* **Your assignment**
Transcribe each record word for word. Skip the images.

(Entries taken from a collection)
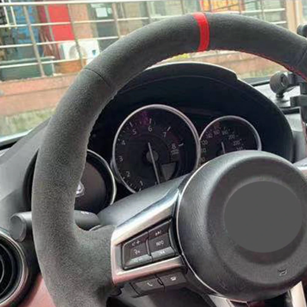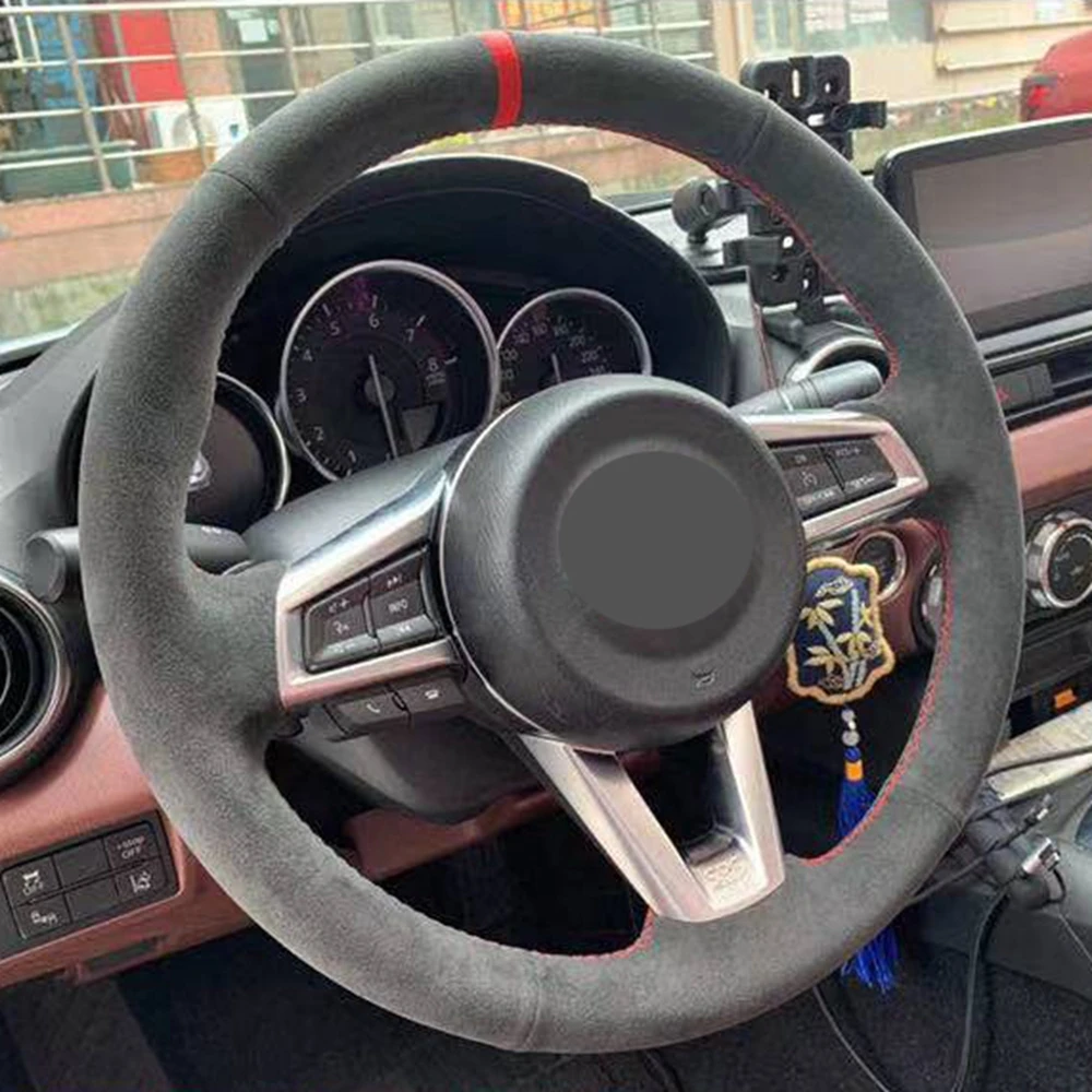 Сделай Сам, сшитая вручную черная натуральная кожа, замша чехол рулевого колеса автомобиля, для Mazda MX5 MX-5, 2016, 2017, 2018, 2019, 2020
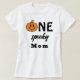 Orange One Spooky Dude Mom Halloween Matching Family Tshirt for a 1st Birthday Party - Celebrate your little dude's big one in a spooky and fun way this Halloween season with this cute orange and black retro smiley face pumpkin 1st Boo-Day Party theme. Featuring black, orange, and white classic Halloween colors. A smiley face pumpkin with lightning eyes adds to the fun, retro spooky season aesthetic. The whole family can wear matching tees to celebrate the little dude's first milestone birthday!
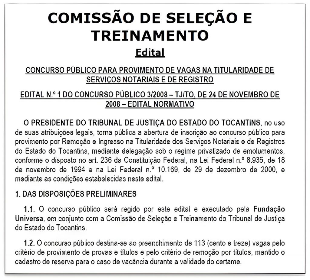 vii) Não há edital de abertura, classificações das publicações e todos os 4 delegatários indicados nas informações do TJ-TO, passaram em 1º lugar no concurso;
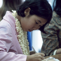 - Joey Takahashi, a member of Haumana O Hawai'i (Hawaiian Club) of Pacific University, wearing a lei made of small white flowers while writing. This photograph was likely taken circa 1970, at either one of the university's annual Lu'au celebrations, or at another performance organized by Haumana O Hawai'i.
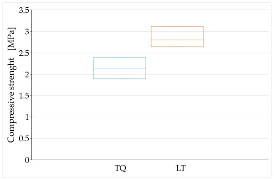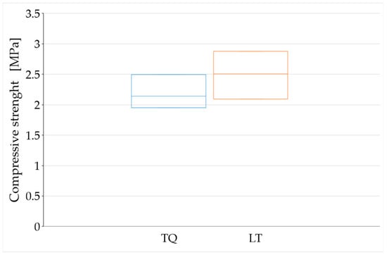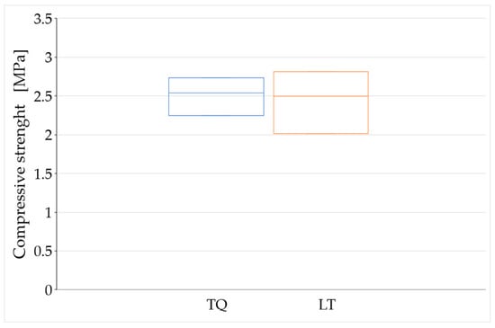 The average density after shrinkage was 1446.360 ± 38.806 kg/m3 for the TQ mix, and 1446.687 ± 35.686 kg/m3 for the LT mix, with the —the maximum percentage variance (in absolute value)—equal to 3.4% for the TQ mix, and to 3.3% for the LT mix (Table 4):
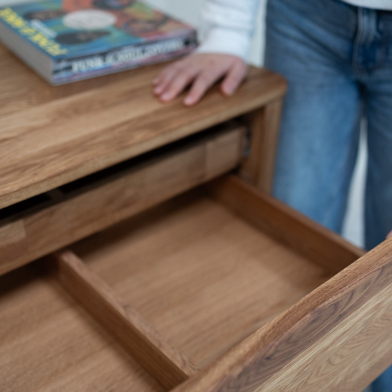 Fácil de limpiar con un paño suave o ligeramente húmedo. Evitar el contacto con productos químicos agresivos. Antes de usar las mesas, recomendamos cubrir la encimera con la cera para la madera, por lo que se forma una capa fina de protección contra la absorción de líquidos. Todos los demás muebles 1-2 veces al año deben tratarse con aceite de tung para proteger e hidratar la madera.
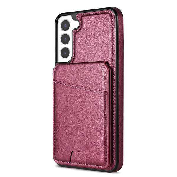 For Samsung Galaxy S22 5G Skin Feel Detachable Card Bag Magsafe Phone Case(Wine Red)
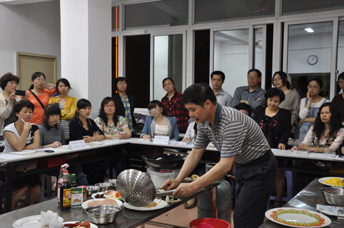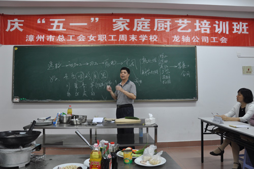 從2014年4月21日起,每逢周一晚上,公司幾十名廚藝愛(ài)好者都會(huì)興致勃勃地聚集在漳州市總工會(huì)職工業(yè)余學(xué)校,一起認(rèn)認(rèn)真真地學(xué)習(xí)廚藝,捧著筆記本仔細(xì)記下授課老師講解的做菜要點(diǎn),睜大眼睛盯著授課老師的現(xiàn)場(chǎng)操作,從烹飪的基礎(chǔ)知識(shí)、刀功的基本要領(lǐng)、配菜的基本方法到一道道葷素搭配、家??梢?jiàn)的美味佳肴如芝麻雞、排糖醋肉、紅燒魚(yú)塊、椒鹽海蠣、松仁玉米、沙司茄子等,都生怕落下一個(gè)小小的細(xì)節(jié)……
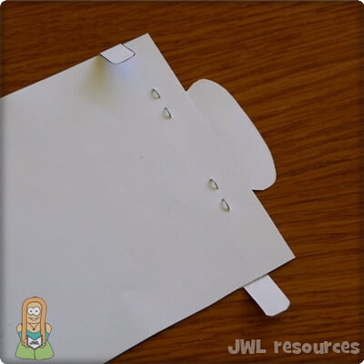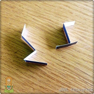 Turn your craft over and fold the long thin pieces inwards. This will create a ‘stop’ when you slide your craft, preventing it from coming fully apart.
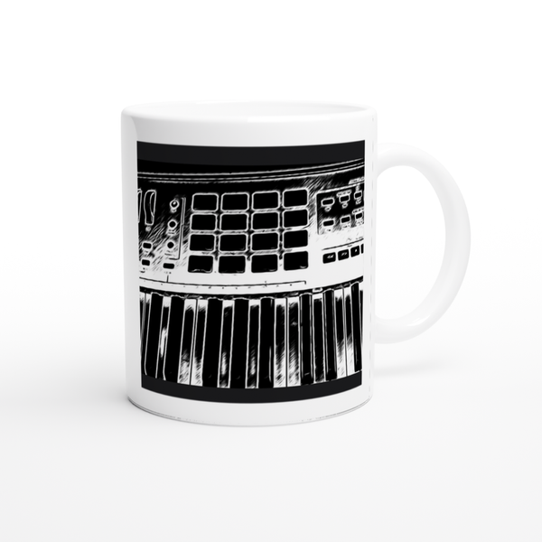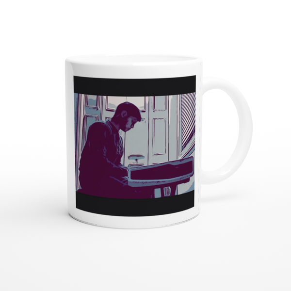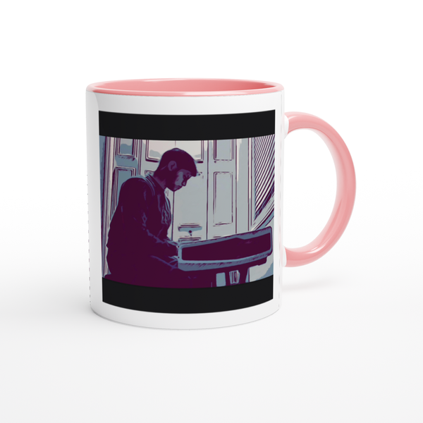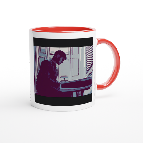 This mug is glossy white with a colored rim, inside, and handle. Microwave and dishwasher safe.
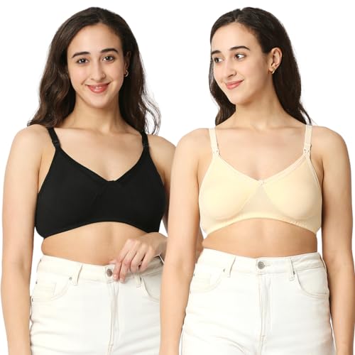 Mee Mee Women's 4 Ways Lycra Maternity Bra | Adjustable Straps, Non-Padded, Non-Wired Nursing Bra | Full Cup Feeding Bra | Post Pregnancy Easy to Breastfeed | Skin and Black, Pack of 2
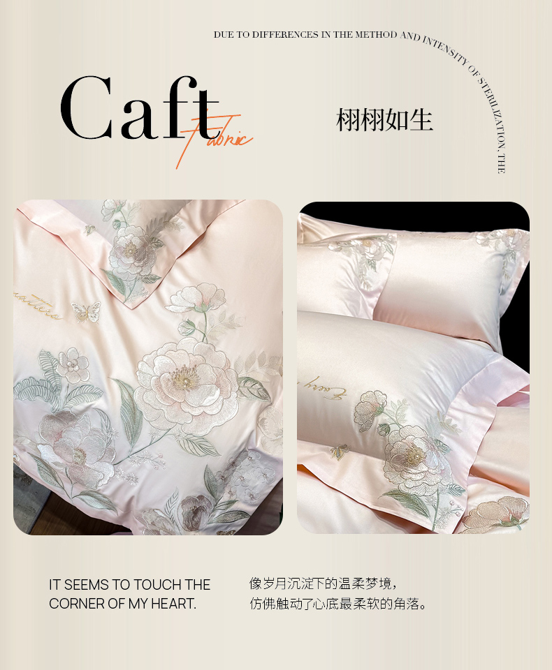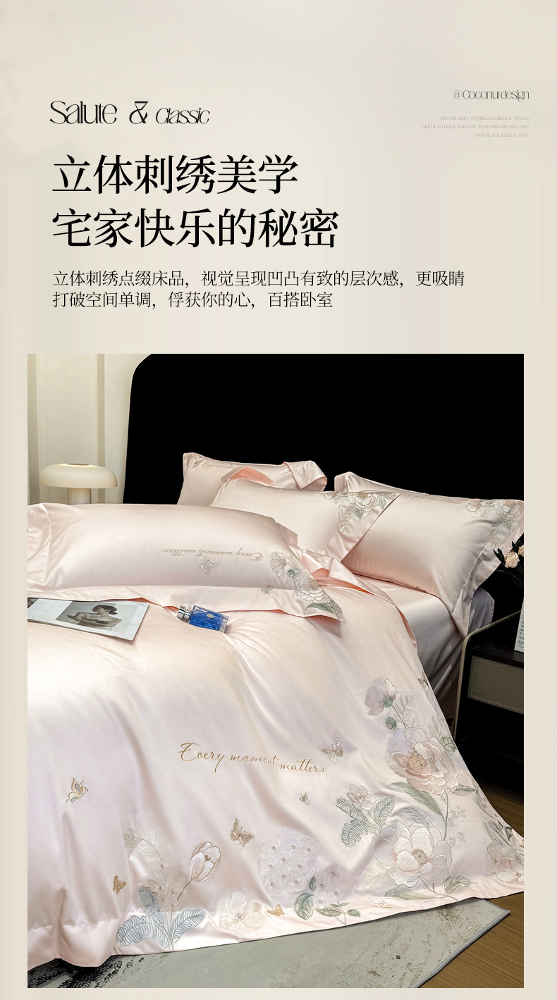 (总)星蕴家纺 2026新款50贡缎长绒棉纯棉绣花四件套-花瑾,花瑾-邂逅粉,花瑾-晴山蓝,花瑾-梦幻紫,花瑾-清新绿
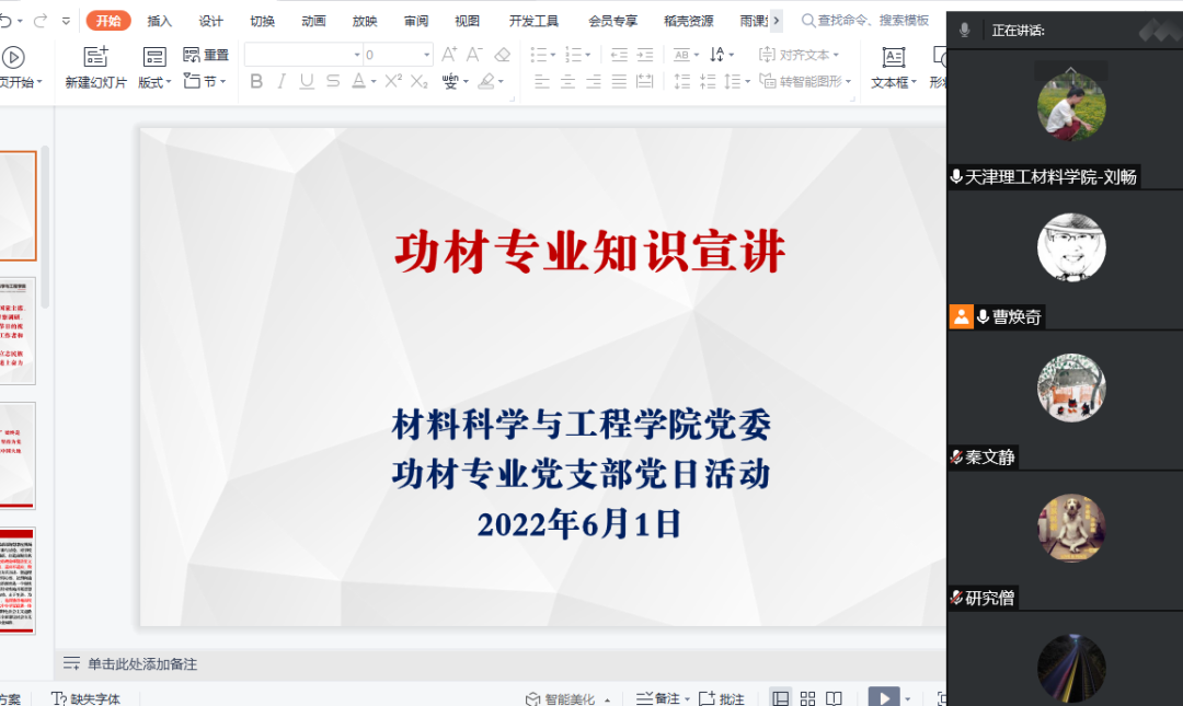 功材专业党支部结合本专业的实际情况,联合功材本科生党支部开展“功材特色·引领共建”主题党日活动,以促进学生对本专业的全面了解,提高学生专业认知,激发科研兴趣。专业教师的细致讲解,解答了部分学生提出的“自己所学的专业有何用”“毕业后不知做什么”等问题,使学生对专业有了更加清晰的认知。通过对研究方向的生动介绍,学生们更加感受到功能材料专业紧跟国家需求,所做的实验是有趣的、有意义的,增加了学生进入实验室开展科学研究的动力。
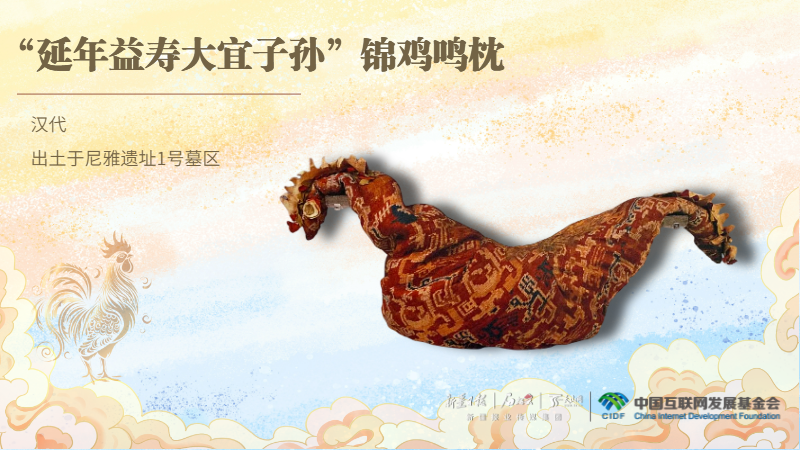 这件馆藏于新疆博物馆的文物出土于尼雅遗址的东汉墓葬。长50厘米,宽13.5厘米,高9厘米,由一块“延年益寿大宜子孙”文字锦缝缀而成,中间是鸡身,两端作鸡首相背状,白绢为底、叠放三层圆形红绢片缝制出了圆眼,天青和白两种绢剪出锯齿形的鸡冠。枕芯是植物茎秆。
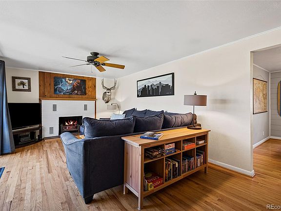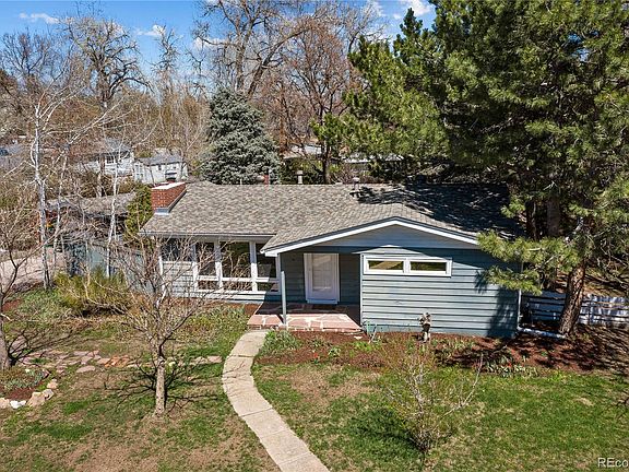Surrounded by towering trees and groupings of dazzling perennial flowers, this incredibly charming "Cape Cod" cottage is settled on a spacious .38/acre coveted corner lot. Primed for a sleek addition, pop-top or full redevelopment, the design and setting conjure east coast vibes. The interior is trimmed with beautiful hardwoods and scenic windows. A wood- burning fireplace is the focal point in the living room as hardwoods traverse down a hallway leading to the homes 2- bedrooms and full-bath outfitted with glass-block windows, a pedestal sink, and tile floor and shower-surround. Adjacent to the living room, the cozy dining room offers passage into the galley kitchen adorned with timeless oak cabinets, a 4-burner gas range and Kenmore appliances. A pocket-door off the kitchen conceals the mud room with stacked Kenmore washer/dryer and an entrance to a bonus 3/4 -bathroom. Also, in the mud room is an exterior door leading to the single-car, detached garage accessible via a breezeway lined with flagstone. The flagstone patio continues into the treelined backyard and provides the foundation for a perfect outdoor entertainment space complete with garden beds, sitting area, brick fireplace and built-in, al fresco kitchen with gas grille and food prep area. Short distance to the natural haven of Crown Hill Regional Park and Lake, where birds and other wildlife dwell; and to Gold's Marketplace, a coming-soon hot spot for restaurants and retail in Wheat Ridge. Close proximity to a bikeway along 26th Ave, easy access to Sixth Avenue/I-70, and in the crosshairs of the foothills & Wheat Ridge/Highlands.
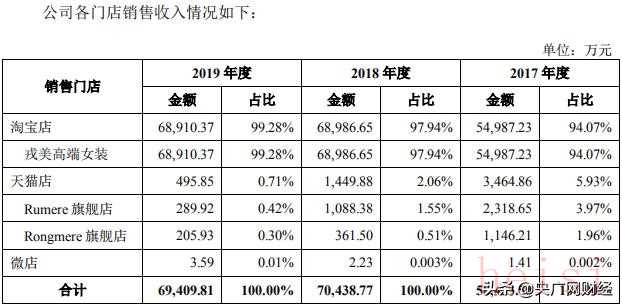具體而言,根據(jù)公布的數(shù)據(jù),2019年,淘寶店(戎美高端女裝)、天貓店(Rumere 旗艦店以及Rongmere 旗艦店)和微店分別實(shí)現(xiàn)銷售收入6.89億元、495.85萬(wàn)元和3.59萬(wàn)元,占比分別為99.28%、0.71%和0.01%。
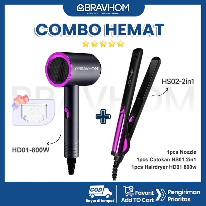 Bravhom Hair Dryer & Styler set Solusi Praktis Rambut Cantik Cepat Kering Portable Rambut
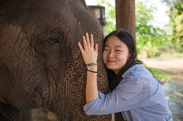 大象真是一种很缓慢的动物,手感很差,毛很硬很长扎的我俩腿疼。走前亲了亲它的大鼻子,谢谢你背我们在山里溜达啊,大象先生。
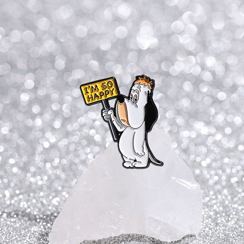Cartoon Cute Dog I’m So Happy Enamel Pins Funny Animation Brooches Backpack Lapel Badge Animal Jewelry Gifts for Kids Friends
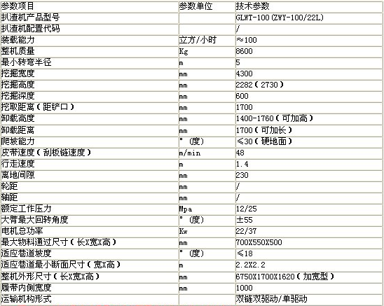履帶扒渣機(jī)GLWT-100(ZWY-100/22L)技術(shù)參數(shù):
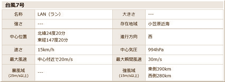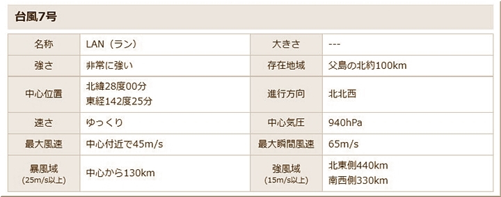 中心気圧は975ヘクトパスカル、最大風速は35メートル、最大瞬間風速は50メートルとなっています。

* **Solution for this problem**
 Сделай Сам, сшитая вручную черная натуральная кожа, замша чехол рулевого колеса автомобиля, для Mazda MX5 MX-5, 2016, 2017, 2018, 2019, 2020
 Orange One Spooky Dude Mom Halloween Matching Family Tshirt for a 1st Birthday Party - Celebrate your little dude's big one in a spooky and fun way this Halloween season with this cute orange and black retro smiley face pumpkin 1st Boo-Day Party theme. Featuring black, orange, and white classic Halloween colors. A smiley face pumpkin with lightning eyes adds to the fun, retro spooky season aesthetic. The whole family can wear matching tees to celebrate the little dude's first milestone birthday!
 vii) Não há edital de abertura, classificações das publicações e todos os 4 delegatários indicados nas informações do TJ-TO, passaram em 1º lugar no concurso;
 - Joey Takahashi, a member of Haumana O Hawai'i (Hawaiian Club) of Pacific University, wearing a lei made of small white flowers while writing. This photograph was likely taken circa 1970, at either one of the university's annual Lu'au celebrations, or at another performance organized by Haumana O Hawai'i.
 The average density after shrinkage was 1446.360 ± 38.806 kg/m3 for the TQ mix, and 1446.687 ± 35.686 kg/m3 for the LT mix, with the —the maximum percentage variance (in absolute value)—equal to 3.4% for the TQ mix, and to 3.3% for the LT mix (Table 4):
 Fácil de limpiar con un paño suave o ligeramente húmedo. Evitar el contacto con productos químicos agresivos. Antes de usar las mesas, recomendamos cubrir la encimera con la cera para la madera, por lo que se forma una capa fina de protección contra la absorción de líquidos. Todos los demás muebles 1-2 veces al año deben tratarse con aceite de tung para proteger e hidratar la madera.
 For Samsung Galaxy S22 5G Skin Feel Detachable Card Bag Magsafe Phone Case(Wine Red)
 從2014年4月21日起,每逢周一晚上,公司幾十名廚藝愛(ài)好者都會(huì)興致勃勃地聚集在漳州市總工會(huì)職工業(yè)余學(xué)校,一起認(rèn)認(rèn)真真地學(xué)習(xí)廚藝,捧著筆記本仔細(xì)記下授課老師講解的做菜要點(diǎn),睜大眼睛盯著授課老師的現(xiàn)場(chǎng)操作,從烹飪的基礎(chǔ)知識(shí)、刀功的基本要領(lǐng)、配菜的基本方法到一道道葷素搭配、家??梢?jiàn)的美味佳肴如芝麻雞、排糖醋肉、紅燒魚(yú)塊、椒鹽海蠣、松仁玉米、沙司茄子等,都生怕落下一個(gè)小小的細(xì)節(jié)……
 Turn your craft over and fold the long thin pieces inwards. This will create a ‘stop’ when you slide your craft, preventing it from coming fully apart.
 This mug is glossy white with a colored rim, inside, and handle. Microwave and dishwasher safe.
 Mee Mee Women's 4 Ways Lycra Maternity Bra | Adjustable Straps, Non-Padded, Non-Wired Nursing Bra | Full Cup Feeding Bra | Post Pregnancy Easy to Breastfeed | Skin and Black, Pack of 2
 (总)星蕴家纺 2026新款50贡缎长绒棉纯棉绣花四件套-花瑾,花瑾-邂逅粉,花瑾-晴山蓝,花瑾-梦幻紫,花瑾-清新绿
 功材专业党支部结合本专业的实际情况,联合功材本科生党支部开展“功材特色·引领共建”主题党日活动,以促进学生对本专业的全面了解,提高学生专业认知,激发科研兴趣。专业教师的细致讲解,解答了部分学生提出的“自己所学的专业有何用”“毕业后不知做什么”等问题,使学生对专业有了更加清晰的认知。通过对研究方向的生动介绍,学生们更加感受到功能材料专业紧跟国家需求,所做的实验是有趣的、有意义的,增加了学生进入实验室开展科学研究的动力。
 这件馆藏于新疆博物馆的文物出土于尼雅遗址的东汉墓葬。长50厘米,宽13.5厘米,高9厘米,由一块“延年益寿大宜子孙”文字锦缝缀而成,中间是鸡身,两端作鸡首相背状,白绢为底、叠放三层圆形红绢片缝制出了圆眼,天青和白两种绢剪出锯齿形的鸡冠。枕芯是植物茎秆。
Surrounded by towering trees and groupings of dazzling perennial flowers, this incredibly charming "Cape Cod" cottage is settled on a spacious .38/acre coveted corner lot. Primed for a sleek addition, pop-top or full redevelopment, the design and setting conjure east coast vibes. The interior is trimmed with beautiful hardwoods and scenic windows. A wood- burning fireplace is the focal point in the living room as hardwoods traverse down a hallway leading to the homes 2- bedrooms and full-bath outfitted with glass-block windows, a pedestal sink, and tile floor and shower-surround. Adjacent to the living room, the cozy dining room offers passage into the galley kitchen adorned with timeless oak cabinets, a 4-burner gas range and Kenmore appliances. A pocket-door off the kitchen conceals the mud room with stacked Kenmore washer/dryer and an entrance to a bonus 3/4 -bathroom. Also, in the mud room is an exterior door leading to the single-car, detached garage accessible via a breezeway lined with flagstone. The flagstone patio continues into the treelined backyard and provides the foundation for a perfect outdoor entertainment space complete with garden beds, sitting area, brick fireplace and built-in, al fresco kitchen with gas grille and food prep area. Short distance to the natural haven of Crown Hill Regional Park and Lake, where birds and other wildlife dwell; and to Gold's Marketplace, a coming-soon hot spot for restaurants and retail in Wheat Ridge. Close proximity to a bikeway along 26th Ave, easy access to Sixth Avenue/I-70, and in the crosshairs of the foothills & Wheat Ridge/Highlands.
具體而言,根據(jù)公布的數(shù)據(jù),2019年,淘寶店(戎美高端女裝)、天貓店(Rumere 旗艦店以及Rongmere 旗艦店)和微店分別實(shí)現(xiàn)銷售收入6.89億元、495.85萬(wàn)元和3.59萬(wàn)元,占比分別為99.28%、0.71%和0.01%。
 Bravhom Hair Dryer & Styler set Solusi Praktis Rambut Cantik Cepat Kering Portable Rambut
 大象真是一种很缓慢的动物,手感很差,毛很硬很长扎的我俩腿疼。走前亲了亲它的大鼻子,谢谢你背我们在山里溜达啊,大象先生。
Cartoon Cute Dog I’m So Happy Enamel Pins Funny Animation Brooches Backpack Lapel Badge Animal Jewelry Gifts for Kids Friends
履帶扒渣機(jī)GLWT-100(ZWY-100/22L)技術(shù)參數(shù):
 中心気圧は975ヘクトパスカル、最大風速は35メートル、最大瞬間風速は50メートルとなっています。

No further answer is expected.